= Bjarte Eikeset =

Norwegian lawyer, judge and politician

Bjarte Erling Eikeset (22 February 1937 - 22 April 2017) was a Norwegian lawyer, judge and politician for the Conservative Party.

He was born in Førde Municipality. He graduated from the University of Oslo with a cand.jur. degree in 1964, and at that institution he was a research assistant from 1964 to 1965 and lecturer from 1965 to 1969. From 1969 to 1980 he worked as a lawyer in Førde, from 1976 with access to Supreme Court cases. In 1980 he was promoted to district stipendiary magistrate for the Sunnfjord District Court. In 1993 he applied, unsuccessfully, for the position as County Governor of Sogn og Fjordane. He remained in Sunnfjord except for the years 1981 to 1983, and in 2004 he moved to the district stipendiary magistrate chair Fjordane. He retired in 2007 due to the age limit of 70 years.

Eikeset became involved in local politics as an elected member of the municipal council of Førde Municipality from 1972 to 1975 and Sogn og Fjordane county council from 1976 to 1983. He chaired the county party chapter from 1973 to 1976. In 1981, when the Willoch's First Cabinet assumed office, he was appointed State Secretary in the Ministry of the Environment. He held this position until 1983. He served as a deputy representative to the Parliament of Norway from Sogn og Fjordane during the terms 1981-1985 and 1985-1989. In total he met during 66 days of parliamentary session.

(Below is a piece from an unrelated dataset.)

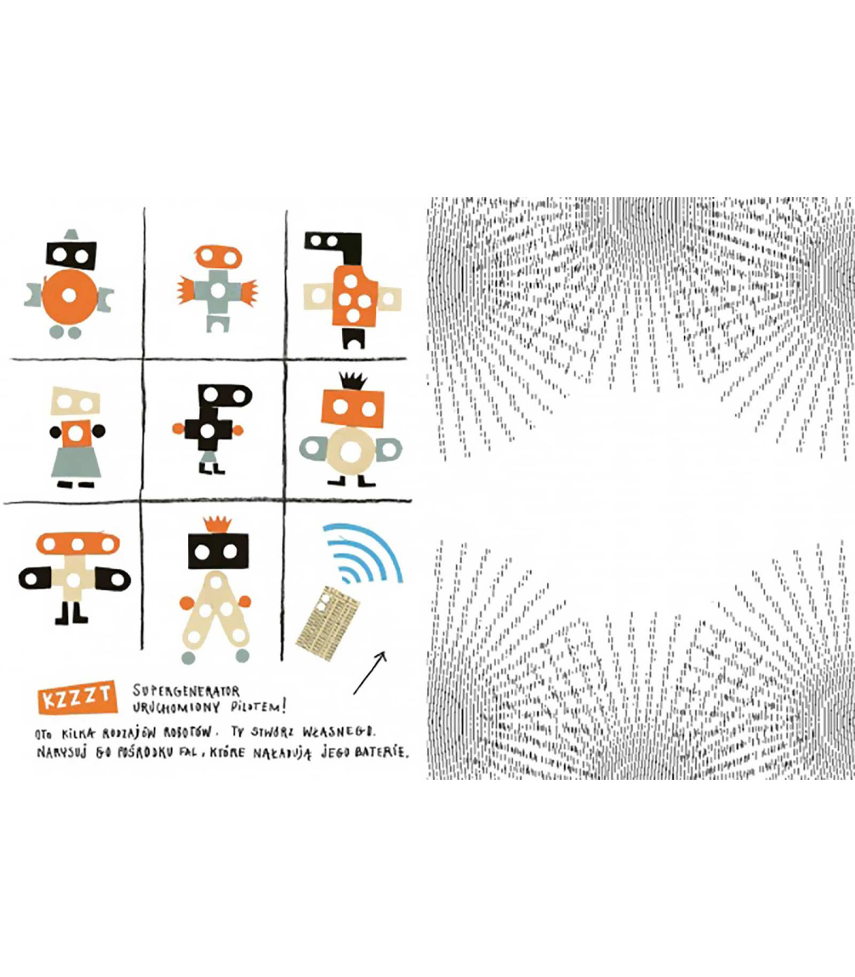 Ilustracje w tej niezwykłej książce zostały stworzone przy pomocy techniki animacyjnej ombro cinema. Wystarczy przyłożyć specjalną, paskowaną folię, która przeciągnięta przez obrazek, wprawia jego elementy w ruch. Autorami książki są graficy Frederique Bertrand i Michael Leblond. Seria "Piżamorama" opowiada o przygodach chłopca w piżamie w paski, który pokazuje małym czytelnikom różne ciekawe miejsca i przedmioty, na przykład Nowy Jork, Paryż czy muzeum sztuki. Do wszystkich książek dołączona jest specjalna folia, która tworzy iluzję optyczną.

Eikeset was a board member of the Norwegian Association of Judges from 1992 to 2000 and Sogn og Fjordane Energi from 1992 to 1995, and chair of Sogn og Fjordane Energi from 1988 to 1991. He has also been a board member of Den norske Bank's branch in Førde. He died at Haukeland University Hospital on 22 April 2017, four days after colliding with an RV at Storebru near Eikefjord.